Passwords are generated randomly using ansible’s lookup feature. I had initially used /dev/null, but the passwords were the same for each variable, so I used temporary files, which are deleted afterwards.
If you wanted to save a copy of the db_password, you could change that line to something like the below and it would not be deleted:
db_password: "{{ lookup('password', 'credentials/{{ db_user }}.txt length=45 chars=ascii_letters,digits,!,,,,@,#,$,%,^,&,*,(,),_,-,:,.,?,:.;,|,},{,],[') }}"
Rather than using ansible’s ascii_letters,digits,punctuation character set, I pass my own string of special characters. This is because otherwise, single quotes, double quotes, or escape characters(\) might be used, which can throw off PHP files.
You will notice the above references a template file called templates/wp-config.php.j2 in the Create wp-config.php file task. This is just a copy of the default wordpress file, with the variables referenced in the vars section added, as so:
[...] /** The name of the database for WordPress */ define('DB_NAME', '{{ db_name }}'); /** MySQL database username */ define('DB_USER', '{{ db_user }}'); /** MySQL database password */ define('DB_PASSWORD', '{{ db_password }}'); [...] define('AUTH_KEY', '{{ AUTH_KEY }}'); define('SECURE_AUTH_KEY', '{{ SECURE_AUTH_KEY }}'); define('LOGGED_IN_KEY', '{{ LOGGED_IN_KEY }}'); define('NONCE_KEY', '{{ NONCE_KEY }}'); define('AUTH_SALT', '{{ AUTH_SALT }}'); define('SECURE_AUTH_SALT', '{{ SECURE_AUTH_SALT }}'); define('LOGGED_IN_SALT', '{{ LOGGED_IN_SALT }}'); define('NONCE_SALT', '{{ NONCE_SALT }}');
After you have the playbook and template created, you can run it as follows. I’m using become to switch to root while preforming the tasks on the web server, as otherwise I would need to be logging in as the web-server user.
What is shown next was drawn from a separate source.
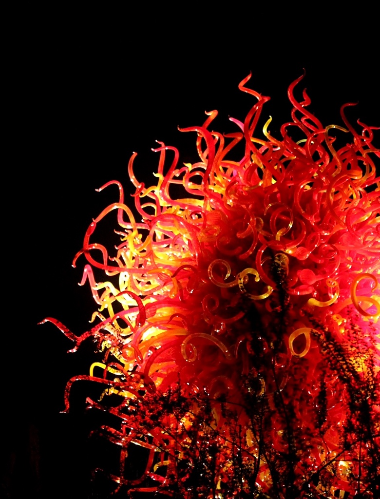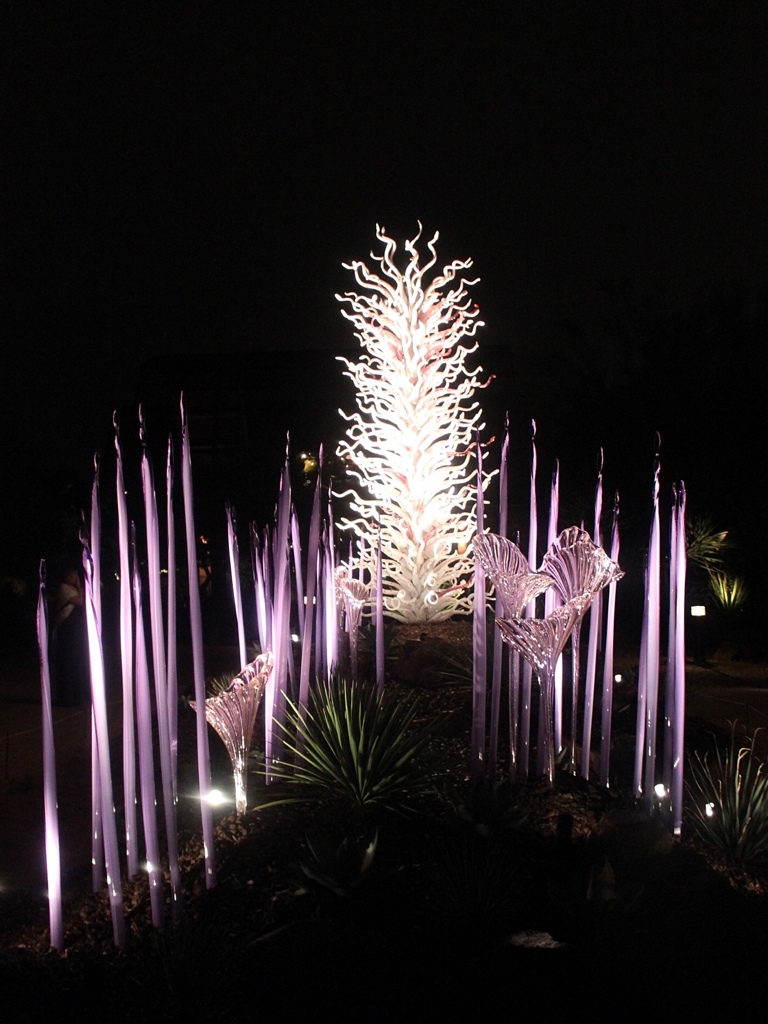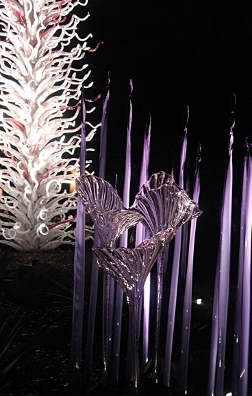 I love the Chihuly pieces even more set against the night sky! My favorite is the pink and white polka dotted piece. Nice write-up! Love the photos.

So, calling the playbook looks something like this for me:
ansible-playbook create_wpconfig.yml -K --become-method=su
I think there may be a better way to generate a password, rather than using lookup. My goal was to avoid using shell commands, like < /dev/urandom tr -dc _A-Z-a-z-0-9 | head -c${1:-32};echo;, but it is kind of clunky. The one advantage of using the lookup is if you wanted to save the db credentials in a file for later reference. Of course, if you were to do that, you would want to save it as a secret, so it is not stored in plain text.
My next workbook is going to be to create the wordpress database and user, so when I do that, I may update this to save the password.